The plaintiff-appellant instituted this tort action as the alleged surviving widow of Carroll J. Boudreaux to recover damages for the wrongful death of Mr. Boudreaux. Defendants-appellees moved for a summary judgment on the ground that plaintiff was not the lawful wife of Carroll J. Boudreaux at the time of death because she was not legally divorced from her husband, Owen J. Mire, and consequently was not entitled to sue for damages for the death of the decedent under the provisions of LSA-C.C. Article 2315.

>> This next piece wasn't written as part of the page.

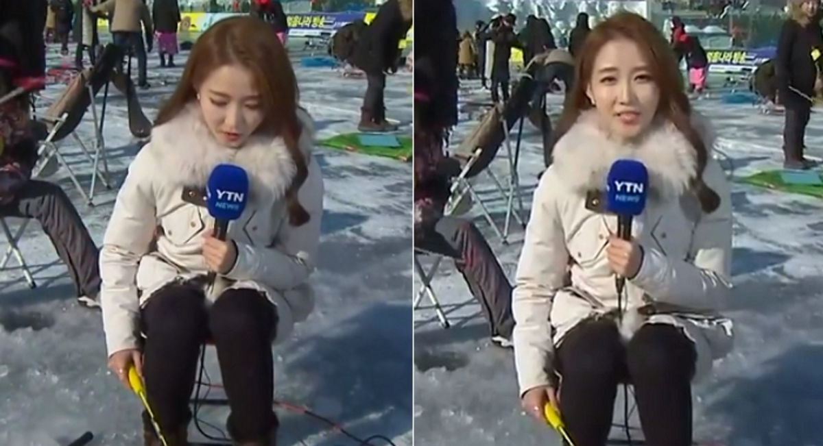 이날 앵커로부터 화면을 넘겨받은 YTN 신미림 기상캐스터는 다른 시민들 사이에서 얼음구멍에 낚싯대를 드리우고 있었다.

The determining facts are not in* dispute and have been succinctly summarized by the learned trial judge as gleaned from the deposition and documents introduced in evidence on the hearing of the motion for summary judgment. We are grateful to him for the summary of facts which follows:

“ * * * The plaintiff, Katherine G. Boudreaux, was legally married to Owen J. Mire on August 22, 1924, with whom she lived until approximately the latter part of the year 1947. During all this time they lived in the State of Louisiana, for a time in St. Mary Parish, and for a time in Terrebonne Parish. Plaintiff and Owen J. Mire separated in the latter part of the year 1947, or the early part of the year 1948. At the time of their separation, plaintiff and her husband were living in Patterson, St. Mary Parish, Louisiana. After the separation, plaintiff continued to live in the same house in Patterson, Louisiana, in which she had lived prior to her separation, and she was living there when she obtained a divorce from her husband in Harrison County, State of Mississippi. Plaintiff actually never resided in the State-of Mississippi, but she visited there a few days in order to testify in the divorce suit which she had instituted' against her husband, Owen J. Mire, in the Chancery Court of Harrison County, Mississippi, on August 16, 1950. Owen J. Mire, though a resident of and domiciled in Louisiana, executed in the Parish of St. Mary, State of Louisiana, on August 29, 1950, a written waiver of service and an entry of appearance in the Chancery Court of Harrison County, Mississippi. The Chancery Court of Harrison County, Mississippi, entered a decree of divorce in the matter on September 22, 1950.”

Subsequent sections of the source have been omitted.